MISSION, RGV – The Rev. Roy Snipes of Our Lady of Guadalupe Catholic Church in Mission is featured in a video produced by The Atlantic.
The video explains Snipes’ opposition to a border wall, the militarization of the border, and his concern that La Lomita Chapel may get walled off if more border barriers are erected.
“The beauty of this sacred place would be desecrated,”Snipes said, in reference to La Lomita.
The famous chapel, built in 1899, stands just 100 yards from the Rio Grande.
Scott Nicol and Stefanie Herweck, of the Sierra Club, are pictured measuring how far an enforcement zone could be extended at La Lomita, should a border wall be built on an adjacent levee. The chapel “could potentially be destroyed,” Nicol states.
The video starts with Snipes saying: “A Christian is more interested in hospitality than hostility. La Lomita stands for that.”
The video notes that in February, Congress sought to protect La Lomita while at the same time approving 55 miles of new border walls in the Rio Grande Valley. This measure was added by Congressman Henry Cuellar, the only border lawmaker on the joint House-Senate committee that crafted a bill providing more funding for border security. Cuellar said La Lomita was one of the Valley’s “sensitive areas” and thus needed protecting.
However, soon after the compromise legislation was unanimously approved by both the House and Senate, President Trump declared a national emergency. As the video notes, this would allow the Trump administration to build more walls than Congress has approved, leaving La Lomita Chapel’s future uncertain.
“What a Christian tries to do is build bridges, not walls,” Snipes says in the video. He also said the presence of the Army in the area is “scaring people.”
“Just what is a middle class Gringo doing down here,” Snipes asks about himself. The answer is he taught school in San Ysidro. “That’s when I fell in love with the Valley.”
Snipes said the people of the Valley have survived for 150 years without a border wall.
“No one ever thought we would have to build a wall. Opposing the wall doesn’t mean we want an open border. But it does mean we really want to treat people the way we would like to be treated. We really do want to treat people like human beings and a wall do seem just a tad inhumane,” Snipes states.
David Garza is an attorney for the Diocese of Brownsville.
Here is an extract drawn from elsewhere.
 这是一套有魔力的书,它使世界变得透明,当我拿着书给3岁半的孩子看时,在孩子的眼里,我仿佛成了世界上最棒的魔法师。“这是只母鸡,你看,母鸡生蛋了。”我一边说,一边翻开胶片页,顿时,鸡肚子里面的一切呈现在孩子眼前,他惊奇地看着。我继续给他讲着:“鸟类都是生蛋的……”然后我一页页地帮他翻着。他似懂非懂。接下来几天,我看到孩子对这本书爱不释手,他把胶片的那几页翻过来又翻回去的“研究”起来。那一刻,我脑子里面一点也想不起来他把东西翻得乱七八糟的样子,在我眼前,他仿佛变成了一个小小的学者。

In the video, Garza talks about a lawsuit brought by the Catholic Church to save La Lomita.
“We feel it is such an important issue that we needed to take a stand at the very beginning. It is a matter of principle that the Diocese doesn’t believe in the border wall and doesn’t want it built on its property. We are trying to uphold what we believe is the First Amendment right, Freedom of Religion,” Garza said.
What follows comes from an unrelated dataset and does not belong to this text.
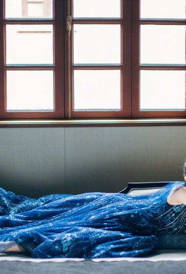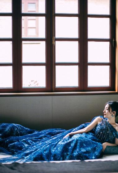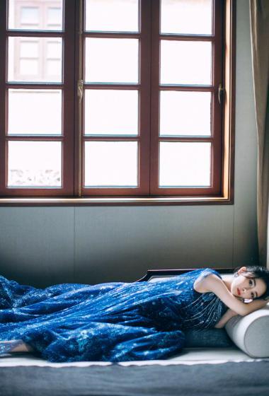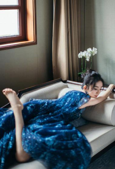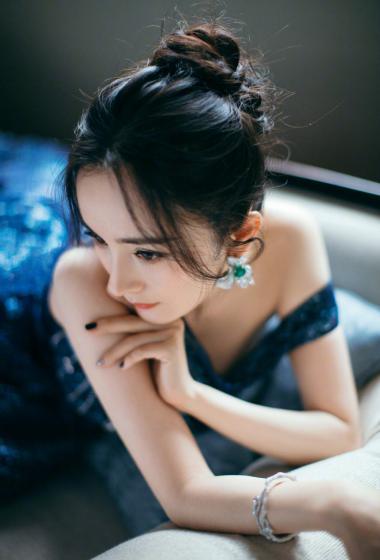 美女杨幂宝蓝长裙光滑香肩温婉妩媚【10P】

President Trump, obviously, takes a different view. “Barbed wire used properly can be a beautiful sight,” Trump is heard to say in the video.
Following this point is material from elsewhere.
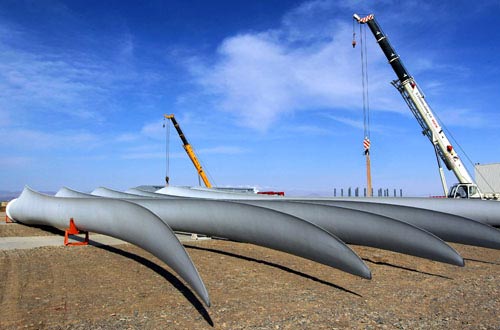 中國儲(chǔ)能網(wǎng)訊:4月24日,吊車在哈密中復(fù)聯(lián)眾風(fēng)電機(jī)組葉片生產(chǎn)基地吊運(yùn)葉片。隨著國家對(duì)新疆風(fēng)能資源的不斷開發(fā)利用,哈密風(fēng)電設(shè)備制造產(chǎn)業(yè)也得到了迅猛發(fā)展,目前金風(fēng)、北車、海裝、中復(fù)聯(lián)眾、泰勝等一大批風(fēng)電裝備制造企業(yè)建成投產(chǎn)。

Snipes responds: “It is meant to intimidate people from the other side that might want to come across but it is scaring people here.”
Snipes said symbols are clashing at La Lomita.
“The symbol of La Lomita is that we want to be humble and kind and hospitable. The wall is saying, we don’t want anybody who is having trouble to come here,” Snipes said.
“There are a lot of people that have a natural fear of strangers coming across, they are not like us. I think he (Trump) is getting a lot of milage out of that.”
The video shows other clergy that work along the South Texas border having dinner with Snipes. Different viewpoints are aired over dinner. Some people want to “barge the border,” says one priest. Another says the presence of the Army makes the Valley resemble a “war zone.”
Towards the end of the video, a worker at La Lomita, 82-year-old Adrellita, is introduced. Snipes says she watches over the chapel like a Guardian Angel.
“I don’t know why they want to build a wall here,” Adrellita states. “I say over my dead body.”